04 апреля 2008
19288

Это было при нас, это с нами вошло в поговорку...

Работа в газете "Литература и жизнь" одна из самых светлых страниц моей жизни. С её страниц забрезжило моё литературное имя... А попал я туда так. После Литературного института и совершенно не нужной мне аспирантуры там же (диссертацию о Макаренко я написал и многое из неё напечатал, даже в "Вопросах философии", но защищаться не захотел - не было никакого стимула) я оказался совершенно свободным, точнее - зарабатывал на хлеб насущный в роли вольного консультанта при отделе писем в "Литгазете", куда пристроил меня покойный однокашник Дима Комиссаров, сестра которого Галя работала в этом отделе. Однажды встретил старого товарища по институту Мишу Игнатова. Он ещё до войны работал на радиоузле ГУМа, а теперь по этой же линии достиг большой высоты - стал главным редактором литературной редакции нашего вещания за границу. Он предложил стать его замом. Мне, видимо, несколько надоел избыток вольности, и я согласился.
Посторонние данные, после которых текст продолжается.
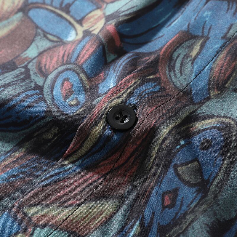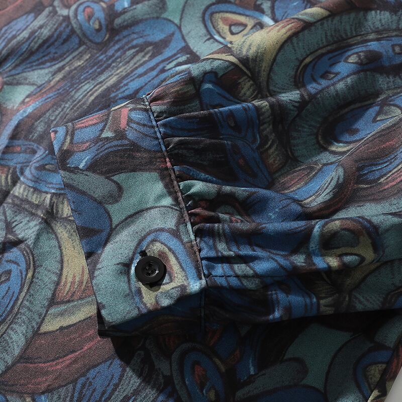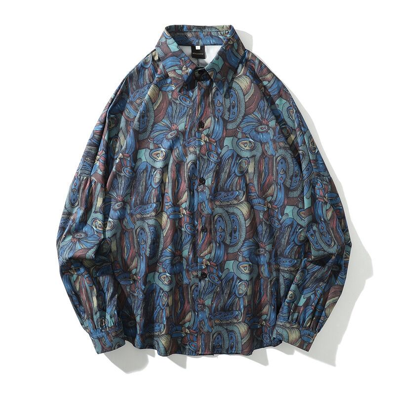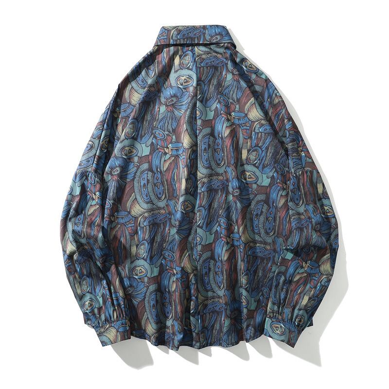 このメンズシャツは、ダーク系の神秘的な魅力とヴィンテージの独特な風合いを融合させた逸品です。

Главное управление радиовещания (ГУРВ. Не знаю, существует ли оно ныне) находилось близко от Литературного института - через Пушкинскую площадь, в Путинковском переулке, в огромном здании позади кинотеатра "Россия", которого тогда не было. Позже в здание напротив (весь переулок и состоит из двух домов) переехал с Малой Дмитровки "Новый мир", где меня никогда не печатали.

Очень скоро Игнатов почему-то ушёл, и я оказался главным редактором. Нас было в редакции всего человек пятнадцать и жили мы - молодые, весёлые, забубённые - очень дружно. Время от времени девчонки или, приличней сказать, молодые сотрудницы устраивали День радости, когда ничего не делали, а только ели мороженое да пели появившиеся тогда "Подмосковные вечера". И главный редактор ничего не мог с ними поделать.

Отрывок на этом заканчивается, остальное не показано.